Dans ce cas, comment propager ces nouvelles connaissances ?
Une première étape consiste à conserver les points clés de ce qui a été appris dans des standards de travail.
La deuxième, c’est d’apporter une réponse plus profonde à cela : penser en termes d’apprentissage “réutilisable” plutôt qu’en termes de connaissances “réutilisables”.
Je vais t’expliquer la différence...
D’abord, pourquoi “réutilisable” ?
Lorsque quelqu’un transfère ses connaissances à quelqu’un qui ne les possède pas, la “réutilisation des connaissances” signifie que ce transfert est public, reproductible et bénéfique pour les futures questions.

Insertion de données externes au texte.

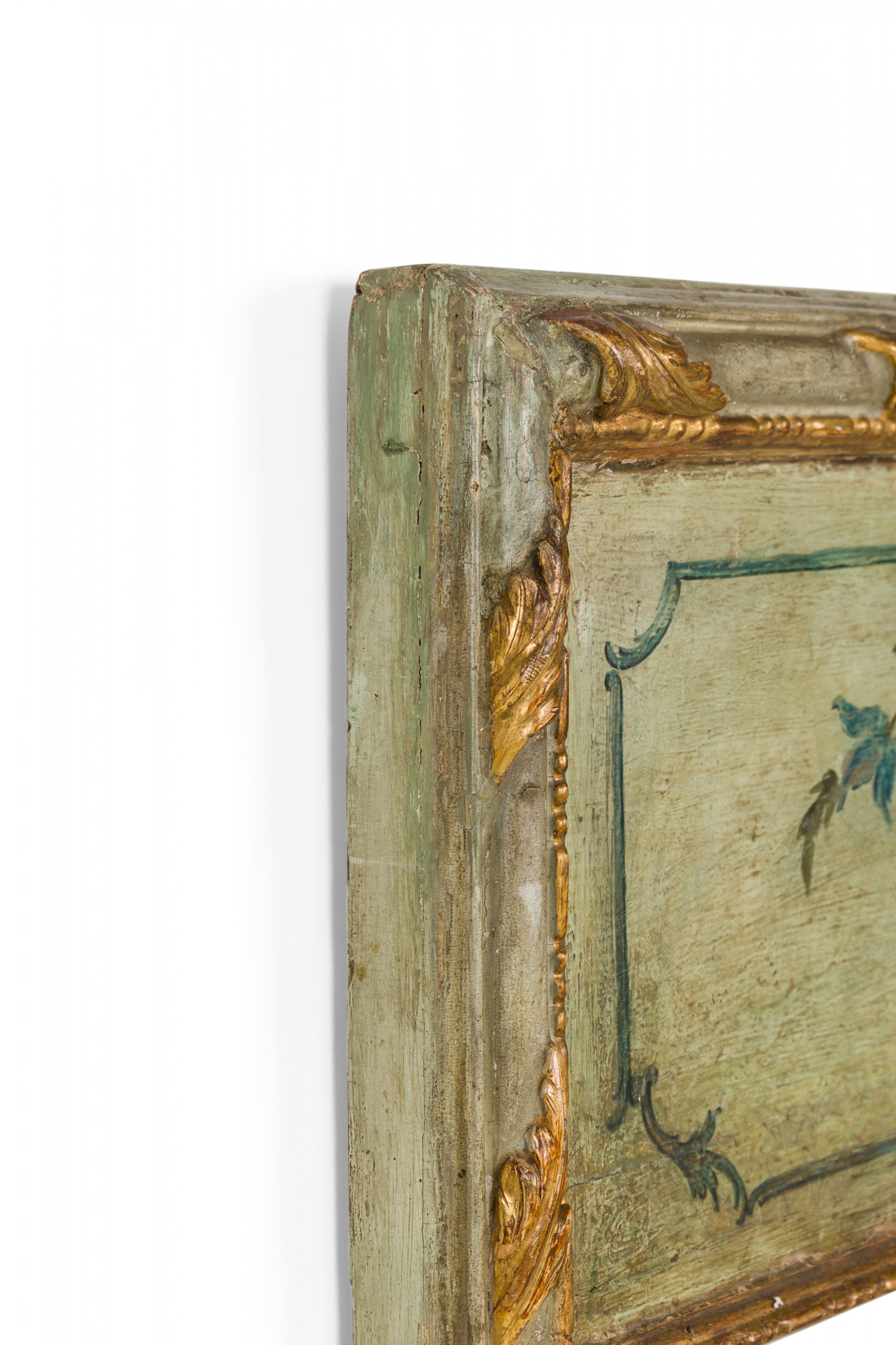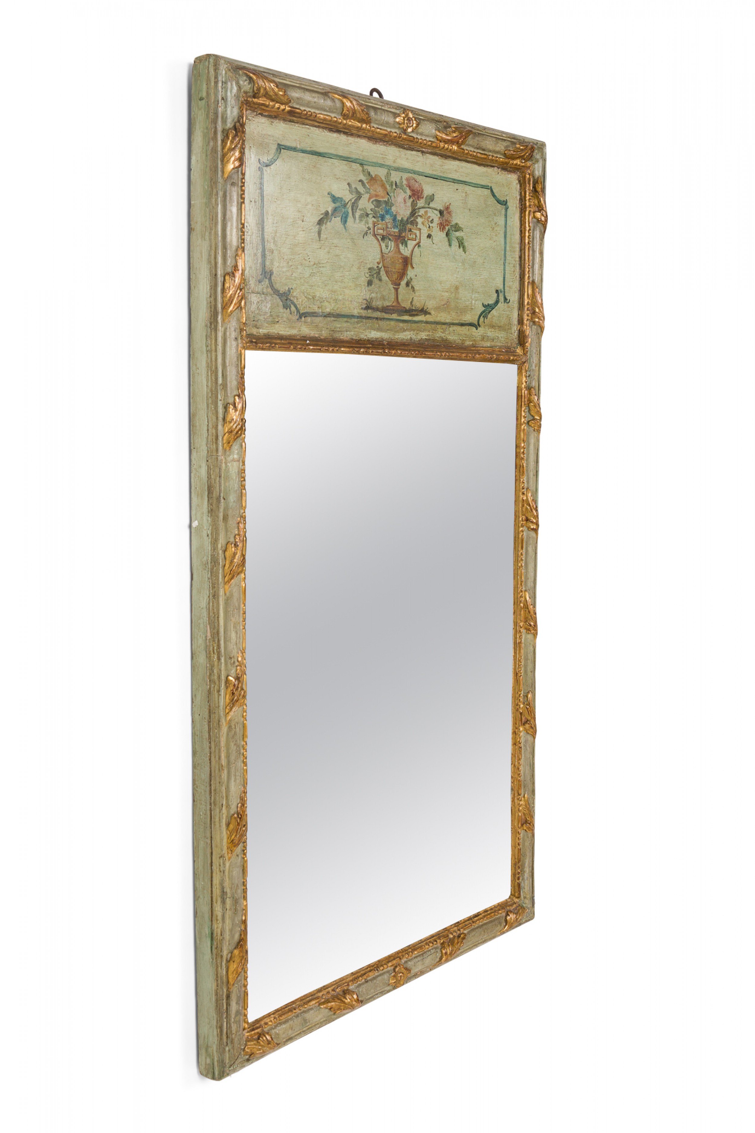 Italian Genoese Rococo (18th Century) trumeau mirror with an upper section that includes a recessed painted reserve displaying an urn overflowing with flowers, a gilt-painted relief acanthus leaf dot-dash border surrounding the exterior.
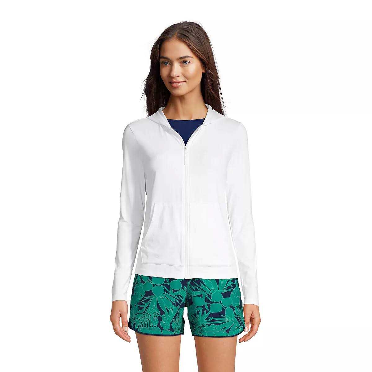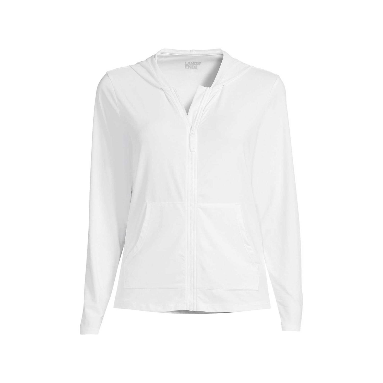 Lands’ End Women’s Hooded Full Zip Long Sleeve Rash Guard UPF 50 Cover-Up – Large – White

Par exemple, ça peut être la recherche d'une réponse à une question déjà posée par quelqu'un, la recherche de quelque chose dans un document ou encore un collègue te faisant part d’une astuce qu'il a trouvée au travail.
La “réutilisation des connaissances” est comme un processus de recyclage : un individu ou un groupe réutilise les connaissances acquises et partagées par quelqu'un d'autre.
Ensuite, pourquoi apprentissage et non connaissances ?
Car l'apprentissage “réutilisable” consiste non seulement à partager le résultat, mais aussi la façon complète (via un cycle PDCA) dont l'équipe a résolu un problème.
Ça permet aux autres équipes de bénéficier des connaissances acquises tout en préservant la capacité de réfléchir et d'expérimenter par elles-mêmes.
Le dernier élément du Kaizen 6 points (que je t’ai développé dans cette newsletter) invite ton équipe à présenter son approche et ses conclusions à toutes les autres pouvant bénéficier de ces connaissances.
Voilà pourquoi il est préférable de penser en termes d’apprentissage plutôt que de connaissances “réutilisables”.
Parce que la connaissance est un stock, tandis que l’apprentissage est un flux.
C’est de cette manière que l’entreprise développe de nouvelles capacités au fil du temps.
Les challenges se transforment en nouveaux cycles de kaizen, qui se propagent dans toute l’entreprise pour que les équipes apprennent comment les aborder.
Mais, l’apprentissage (et l’amélioration continue) ne se limite pas aux individus. Il est aussi valable pour les produits et leur(s) évolution(s).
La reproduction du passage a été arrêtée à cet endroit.